When I heard an interview with a Swedish EU politician, I thought it was a lost cause. She was completely blinded by the possibilities and saw no downside whatsoever.
In my opinion you should be upset at the EU commission, and especially commissioner Ylva Johansson from Sweden who seems to be the one pushing this stupid stuff.
I think those are already in place - one major point against the previously suggested approach was that it would conflict with a bunch of existing regulation, and so it would never get past the courts even if it was passed.
Two convenient examples:
- Article 8 of the EU convention of human rights guarantees a right to privacy, specifically that "Everyone has the right to respect for his private and family life, his home and his correspondence": https://en.wikipedia.org/wiki/Article_8_of_the_European_Conv.... Clearly conflicts with "let's scan everybody's correspondence".

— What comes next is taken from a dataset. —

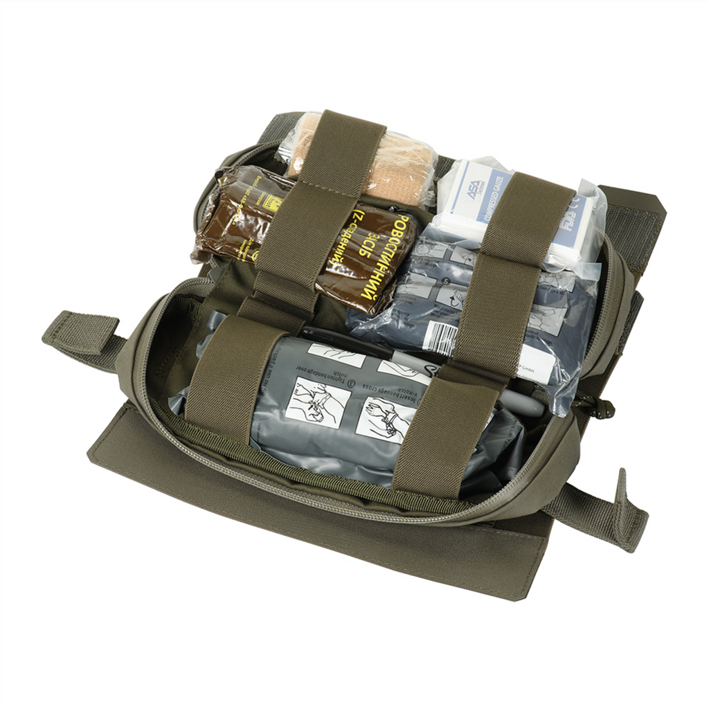 La custodia è composta da una copertura esterna e un inserto IFAK rimovibile. L'inserto può essere rimosso rapidamente tirando la cinghia, consentendo un rapido accesso alle forniture mediche. All'interno è presente un sistema organizer elastico per fissare l'attrezzatura di primo soccorso (forniture mediche non incluse).

- The E-Commerce Directive defined the rules for online business in the EU back in 2000, and specifically prohibits states from ever imposing general monitoring obligations: https://en.wikipedia.org/wiki/Electronic_Commerce_Directive_....
For all its problems, in areas like this the EU is actually pretty well set up.
Worth noting that this isn't just a regulation; since the Lisbon Treaty it is effectively part of the EU's _constitution_, and can't simply be regulated or legislated away.
Though also note that it's the European convention on human rights, not the EU one. It's from the Council of Europe, a separate body, but the Lisbon Treaty effectively enshrined it in EU law.
EDIT: Nope, see comment below. The terminology is a bit of a mess...
So it doesn't have de-jure legislative powers, but de-facto it does.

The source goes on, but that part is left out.